Declarative Program Analysis and Optimization

CS294-260, Spring 2024

Monte Carlo Tree Search for E-graph Extraction

Final Project by Jeremy Ferguson, Sora Kanosue, Jacob Yim
Slides (pdf)

Introduction

Extracting the minimum-cost expression from an e-graph is a difficult task, and doing so efficiently is an open area of research. The goal of this project is to improve on existing extraction methods by applying stochastic techniques, namely Monte Carlo tree search.

Background

E-graph extraction

E-graph extraction is the task of selecting a DAG forming a complete expression (that is, an assignment of e-classes to e-nodes) from an e-graph such that the total cost of the selected nodes (determined by some cost function mapping nodes to numerical costs) is minimized. Accounting for nodes shared between multiple paths from the root, the e-graph extraction problem is NP-complete. Existing extraction techniques either a) sacrifice the optimality of the extracted expression, or b) are not guaranteed to terminate:

Bottom-up extraction is fast, but uses tree cost instead of DAG cost. This means that the minimum-cost expression may not be extracted in e-graphs with “shared” nodes, and can result in dramatically higher costs in some cases.
Greedy DAG extraction is fast and uses DAG cost to exploit shared structure, but is not guaranteed to find the minimum-cost expression.
Extraction using integer linear programming (ILP) also uses DAG cost and is guaranteed to find the minimum-cost expression, but may not terminate.

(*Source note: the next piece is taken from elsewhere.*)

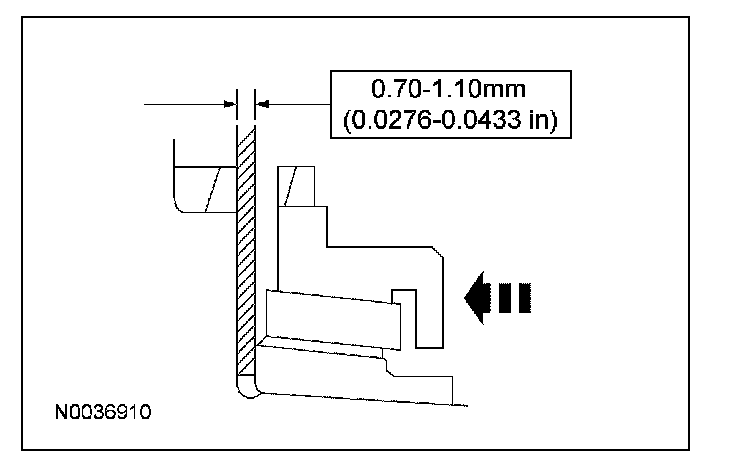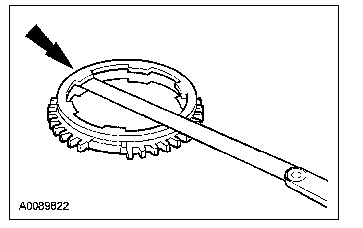 Measure the clearance between the outer synchronizer ring and the synchronizer cone at 2 or more points diagonally opposite and calculate the mean value. Install new parts if not within specification.

We aim to “strike a balance” between greedy DAG and ILP by searching for solutions more optimal than greedy DAG extractions, but with guarantees about the termination of the algorithm.

Monte Carlo tree search

To search for a minimum-cost extraction, we adapted the Monte Carlo tree search (MCTS) algorithm. At a high level, MCTS searches for an optimal path through a decision tree, guided by random simulations of future choices. The algorithm operates in four phases:

Selection. Starting from the root of the decision tree, select child nodes until a leaf is reached. The probability of selecting a given child node is often computed using a formula known as UCT (Upper Confidence Bound 1 applied to trees), our adaptation of which is discussed in the next section.
Expansion. From the selected leaf, create a new child node and add it to the decision tree.
Simulation. From the new child node, randomly choose a sequence of decisions from some probability distribution, until the “game” is decided (that is, no more decisions can be made).
Backpropagation. Depending on the result of the simulation, adjust the probabilities of selecting each node on the path from the root to the new child node.

These four steps are repeated until a maximum number of iterations is reached, after which the most “successful” explored path through the decision tree is returned.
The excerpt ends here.